Madres de jóvenes desaparecidas y asesinadas exigieron en el Senado de la República que no haya ni una mujer víctima más de violencia de género en el país.

“Mi hija no se suicidó, la asesinaron”, afirmó Silvia Vargas Velasco, madre de Catalina Rico Vargas cuyo crimen fue clasificado como suicidio por las autoridades del Estado de México hace más de 5 años.

A la familia le han negado el acceso a los expedientes del crimen de Catalina y aún no es reclasificado.


“La autoridad seguirá diciendo: ‘son suicidios’ (...) La sentencia Mariana Lima dice que toda muerte violenta de mujer debe de investigarse con perspectiva de género”, apuntó

Así lo expresó Vargas Velasco durante la entrega del reconocimiento “Siempre por ellas” a madres y familiares de víctimas de violencia de género, feminicidio y desaparición, por su lucha por encontrar la justicia para sus familiares.

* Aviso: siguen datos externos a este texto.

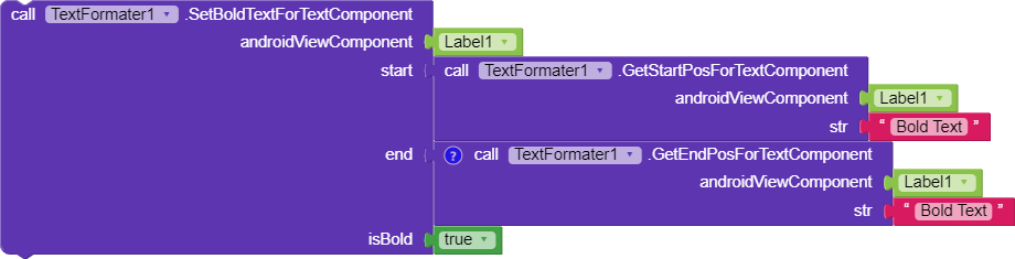 This block applies bold formatting to a portion of the text within a TextBox or Label.

También se reconoció a las periodistas Azucena Uresti y a Lucía Lagunes por su apoyo para visibilizar el problema de la violencia de género y por acompañar a las víctimas en sus procesos judiciales.

El reconocimiento también lo recibió Carmen Volante y Esteban Gallardo Volante familiares de Pamela Gallardo Volante, quienes denunciaron que las autoridades capitalinas nunca quisieron buscar a la joven desaparecida en 2017.

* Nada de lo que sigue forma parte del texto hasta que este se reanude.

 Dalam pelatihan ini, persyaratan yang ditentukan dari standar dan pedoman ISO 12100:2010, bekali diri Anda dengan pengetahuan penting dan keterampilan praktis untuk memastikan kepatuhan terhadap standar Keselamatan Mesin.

“Es el mismo operar: simular, contener y pretextar. Lo peor de todo es que nos dicen ‘seguimos pendientes’ pero pendientes de qué”, reclamó Esteban Gallardo Volante.

Por último, lo entregaron a Magdalena Velarde Tepos, madre de Fernanda Sánchez Velarde a quien su esposo asesinó en Cuautitlán Izcalli en el año 2014.

Velarde Tepos denunció que también sus hijos, José Alberto y Daniel, fueron asesinados en 2017 en la búsqueda de justicia.

“No voy a terminar hasta que mis cuatro hijos tengan justicia”, añadió.

Además de la exigencia de que el caso no quede en la impunidad, Velarde Tepos pidió ayuda para que su nieto no se quede con el asesino de su hija.

“No quiero que me lo entreguen en una caja”, sentenció.

Los reconocimientos fueron entregados por María Antonieta Márquez y Norma Esther Andrade, quienes también exigen que se castigue a quienes asesinaron a sus hijas.

La senadora, Martha Lucía Micher, fue quien ayudó a organizar el reconocimiento de este año y también se pronunció porque no haya ni una muerta más en el país.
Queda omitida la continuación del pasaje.